*DATA TO PROCESS*:

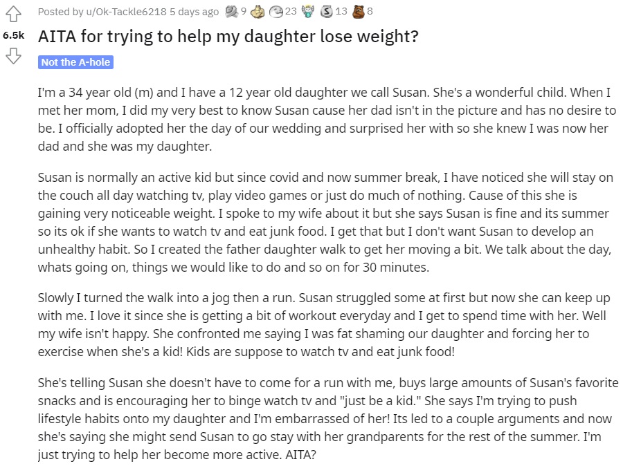 After asking Reddit for advice, the man quickly received loads of support from all sides, whereas the majority of people suggested the mother was in the wrong for feeding their daughter junk food and neglecting the need for physical recreation.
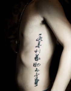 男士侧腰部非常潇洒的汉字纹身刺青
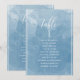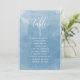 Aidez vos invités à trouver leur table avec cette élégante carte bleue d'aquarelle plan avec des noms d'invités. Cartes recto-verso pour que les clients puissent chercher leur nom à l'avant ou à l'arrière. Libérez de l'espace tout autour en vous donnant la liberté d'utiliser des clips ou un trou de perforation pour accrocher des écrans, ou d'utiliser le support/cadre de table. Exquise couleur bleu aquarelle lave arrière - plan et texte blanc. Détails de calligraphie manuscrite moderne. Une partie de notre collection "Mariage de Monogramme Botanique d'Aquarelle Bleue" avec une variété de produits de coordination disponibles, y compris les cartes de numéro de table et les menus. Visitez la collection entière avec ce lien : https://www.zazzle.com/collections/blue_watercolor_botanical_monogram_wedding-119923294821263262
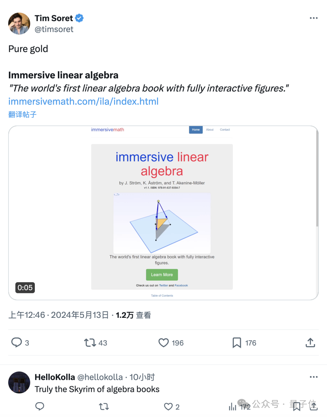 这也让它被网友称为“线性代数教材的天花板”,游戏公司Odd Tales的创始人也评价说它是“Pure gold”。
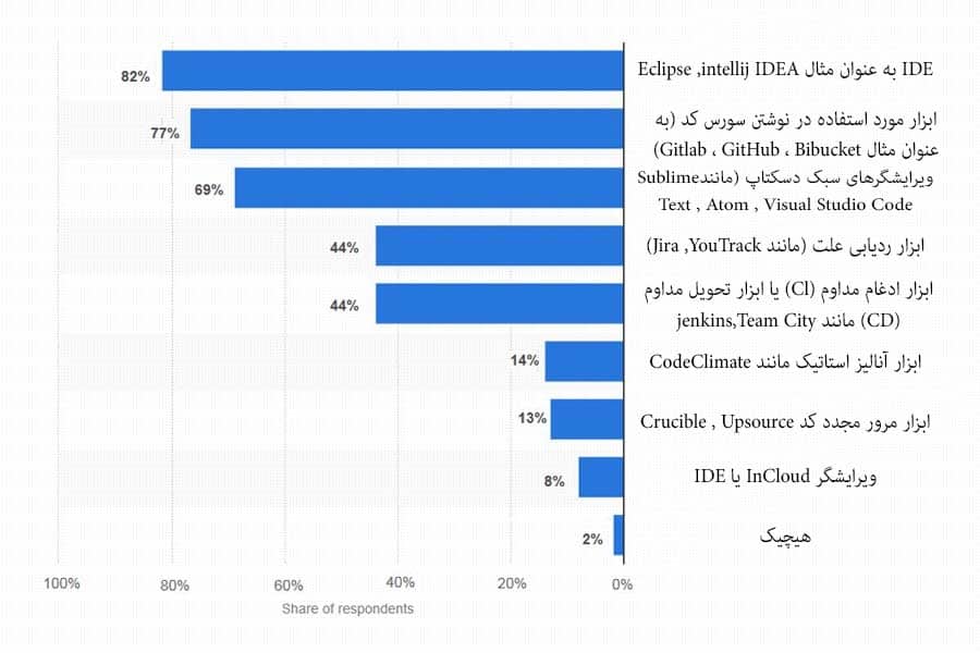 طبق آمار، ابزار های توسعه یا برنامه نویسی که از سال 2018 توسط توسعه دهندگان نرم افزار در سراسر جهان استفاده شده است، در زیر آورده شده است:
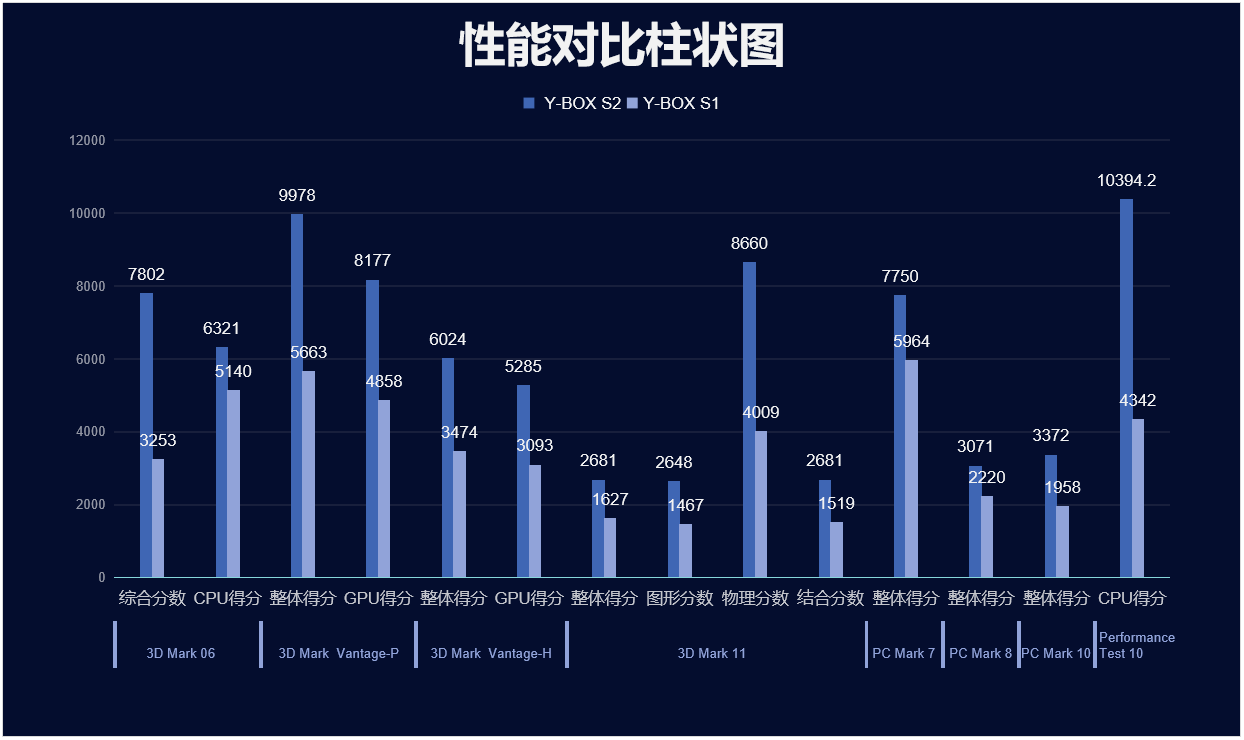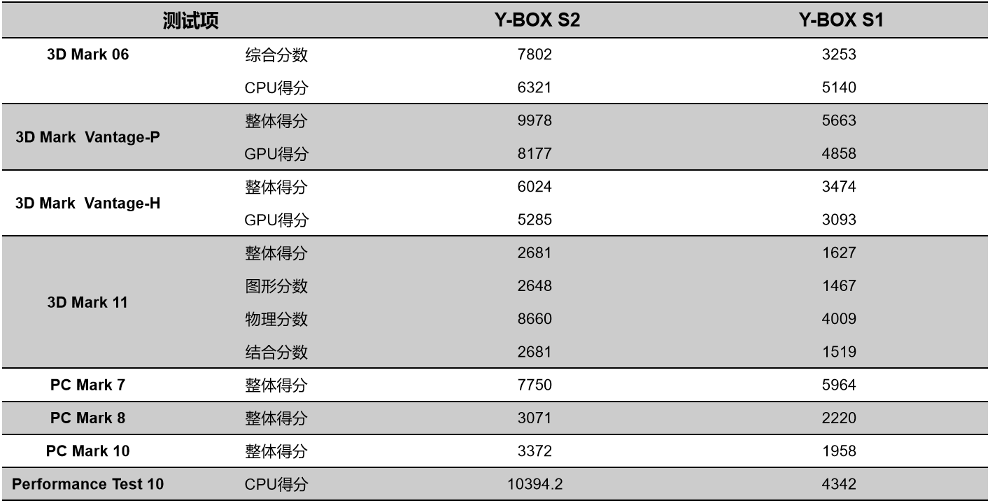 LETOU - 乐投(中文)官方来具体看看各个测试项目的跑分情况,测试项目包括显示性能测试、系统性能测试、CPU性能测试,分别用3D Mark、PC Mark以及Performance 10等系列不同软件的跑分数据,针对两款主板的跑分情况可以看出,LETOU - 乐投(中文)官方桌面云终端Y-BOX S2的数据在各项性能上都得到了大幅度提升,柱状图能更直观地体现出数据的变化,LETOU - 乐投(中文)官方将针对具体的几项数据来进行详细分析。
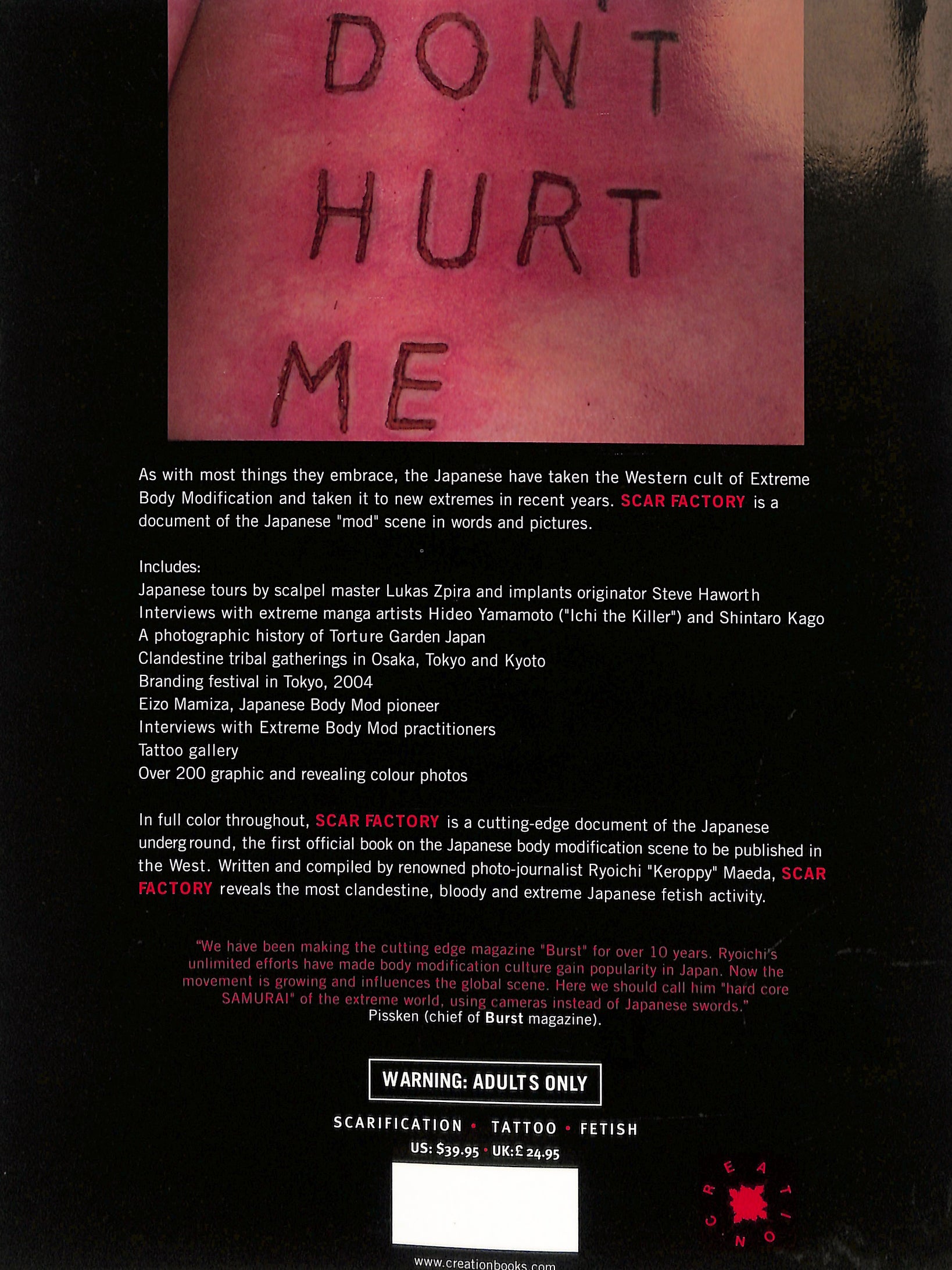 As with most things they embrace, the Japanese have taken the Western cult of extreme body modification to new extremes in recent years. Scar Factory is a document of the Japanese scene in words and pictures.

*REQUIRED WORK*: Begin at the line containing "طبق آمار، ابزار" and stop at the last line of the data. Repeat only those lines, exactly, and leave out the pictures.

*COMPLETED EXERCISE*:
 طبق آمار، ابزار های توسعه یا برنامه نویسی که از سال 2018 توسط توسعه دهندگان نرم افزار در سراسر جهان استفاده شده است، در زیر آورده شده است:
 LETOU - 乐投(中文)官方来具体看看各个测试项目的跑分情况,测试项目包括显示性能测试、系统性能测试、CPU性能测试,分别用3D Mark、PC Mark以及Performance 10等系列不同软件的跑分数据,针对两款主板的跑分情况可以看出,LETOU - 乐投(中文)官方桌面云终端Y-BOX S2的数据在各项性能上都得到了大幅度提升,柱状图能更直观地体现出数据的变化,LETOU - 乐投(中文)官方将针对具体的几项数据来进行详细分析。
 As with most things they embrace, the Japanese have taken the Western cult of extreme body modification to new extremes in recent years. Scar Factory is a document of the Japanese scene in words and pictures.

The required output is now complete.